Maybe less useful, but in fiction, Ted Chiang's 'Division by Zero'[1] is a fascinating window into a human response to such a discovery as Gödel's, because it's not /just/ about math. Major breakthroughs in theory often have deep philosophical consequences as well, and the ramifications can readily break whole worldviews for those who actually and acutely understand what they've found.
I don't know whether Georg Cantor's investigations into higher infinities were related to his psychiatric difficulties, but I would surely have struggled with my sanity if I had been doing that work.
Having poor social skills != mental illness. Some people with poor social skills have no mental illness, and some mentally-ill people have excellent social skills.
The article is behind a paywall so I didn't get to read the whole thing, but the little I did read suggests that Godel's accomplishment is intertwined with his mental illness. It is tempting to romanticize people's mental illness and make it out as a strength that allowed to them to accomplish great intellectual feats, but as far as all evidence goes, mental illness absolutely hinders one's mental capacity and works against it, rather than something that assists it.
Please show me this evidence.
What I know is that great things often require someone working obsessively hard. Which mental illness can lead to.

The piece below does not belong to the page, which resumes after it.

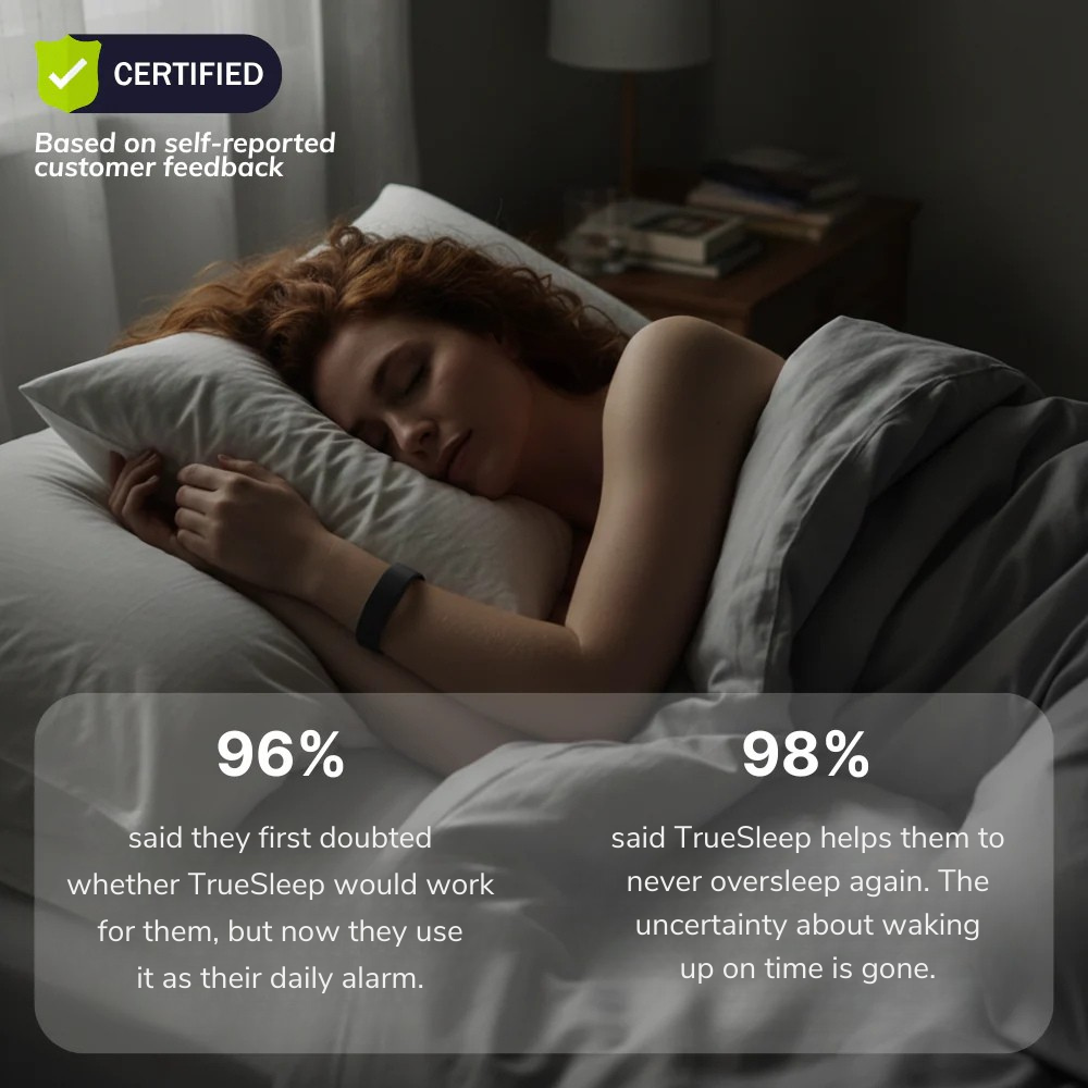 Tested by over 500 deep sleepers, 99% reported waking up on time during a 50-day trial. Many people have found this solution to be the key to finally waking up on time!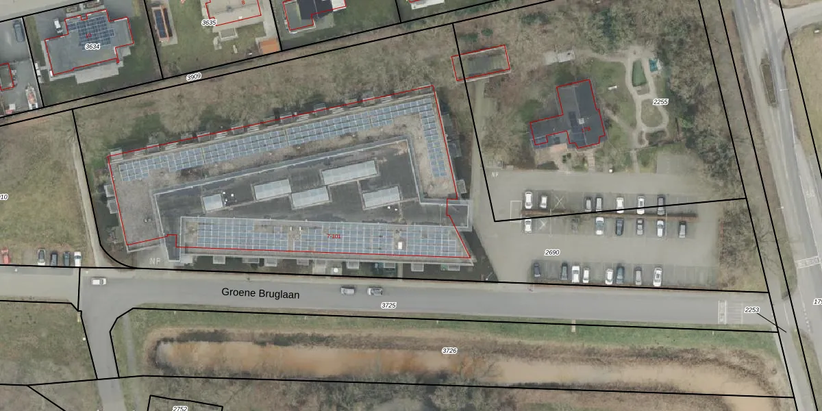 Het perceel waarop Groene Bruglaan 67 staat heeft een oppervlakte van 6100 m². Dit is een zeer groot perceel. De perceeloppervlakte wordt geregistreerd door het Kadaster. Gedetailleerde informatie over de maten van dit perceel kunt u vinden in het rapport Kadastrale kaart met maatvoering van Groene Bruglaan 67.

For example people with Asperger's can often work much harder, and have successfully lead teams. Examples include Alan Turing during the Enigma Project, and Elon Musk today. Bipolar is often nicknamed "the CEO disease" because so many leaders have it. Ted Turner and Winston Churchill are examples. In a UK survey, fully 40% of entrepreneurs suffered from dyslexia, with Richard Branson being the best known example.
No, mental illness does not make you magically smart. Yes, it is a disadvantage. But there is no reason to believe that having to work with a team will stop people with mental illness from rising to the pinnacle of intellectual performance.